Engineering Constraints and Future Applications
While the portable X-ray system functioned as intended, several engineering and operational challenges remain. The device's mass, power requirements, and radiation shielding must be balanced against spacecraft constraints. Image positioning accuracy was reduced in microgravity, particularly for central-body regions, suggesting that further protocol refinement or stabilization aids may be needed. The study did not address long-term reliability, repeated use, or integration with other medical systems.
Beyond crew health, the ability to perform radiographic imaging in orbit could support non-medical diagnostics, such as inspecting electronics, spacesuits, or other mission-critical hardware without disassembly. The demonstration establishes a foundation for future research on radiation safety, workflow optimization, and the integration of digital radiography into spaceflight medical protocols. The results have not yet been independently reproduced in other missions or with alternative hardware.

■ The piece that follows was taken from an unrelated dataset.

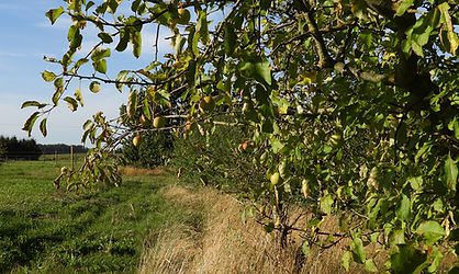 Du stehst am Rand einer Obstwiese mit dem Blick in die weite Landschaft. Wenn Dir danach ist, setzt Du Dich unter einen Obstbaum oder läufst einfach los in Richtung Wald.
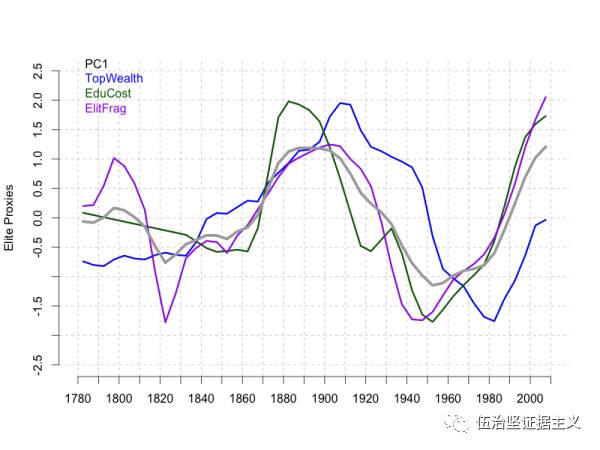 上图显示的是Turchin根据一系列指标编制的美国“精英指数”(上图红线)和“平民福利指数”(上图绿线)。“精英指数”由一系列指标组成,比如大学学费,贫富差距,政治分化程度等。就是说,一个社会如果高等教育学费越贵,贫富差距和政治观点差距越大,那么该社会的“精英指数”也就越高。

In the context of space medicine, this experiment marks a step toward diversifying in-flight diagnostic tools. Ultrasound remains the only widely used imaging modality in orbit, but it is operator-dependent and limited by acoustic access. Digital radiography offers rapid acquisition, lower operator dependence, and higher spatial resolution for many conditions relevant to spaceflight, including trauma, dental issues, and pulmonary complications. The evidence from this mission suggests that portable X-ray systems could become a practical addition to the medical toolkit for long-duration missions, provided that engineering and operational constraints are addressed.
Understanding the distinction between diagnostic-quality imaging and clinical utility is essential. While the images acquired in this study met radiological standards for contrast and resolution, the broader impact on crew health outcomes will depend on integration with medical protocols, radiation management, and the ability to interpret findings in the context of limited in-flight resources. Further research is needed to validate these systems across a wider range of anatomical targets, mission durations, and crew skill levels.
Radiographic imaging relies on the differential absorption of X-rays by tissues of varying density, producing contrast that enables the visualization of bones, organs, and foreign objects. In microgravity, maintaining stable positioning of both the subject and the detector is more challenging than on Earth, which can affect image quality. Portable digital radiography systems use flat-panel detectors to capture and digitize X-ray signals, allowing rapid image acquisition and review. Diagnostic quality is typically assessed by radiologists based on spatial resolution, contrast, and the visibility of clinically relevant features. Achieving consistent diagnostic quality in space requires careful attention to device calibration, operator training, and workflow adaptation to the unique constraints of the orbital environment.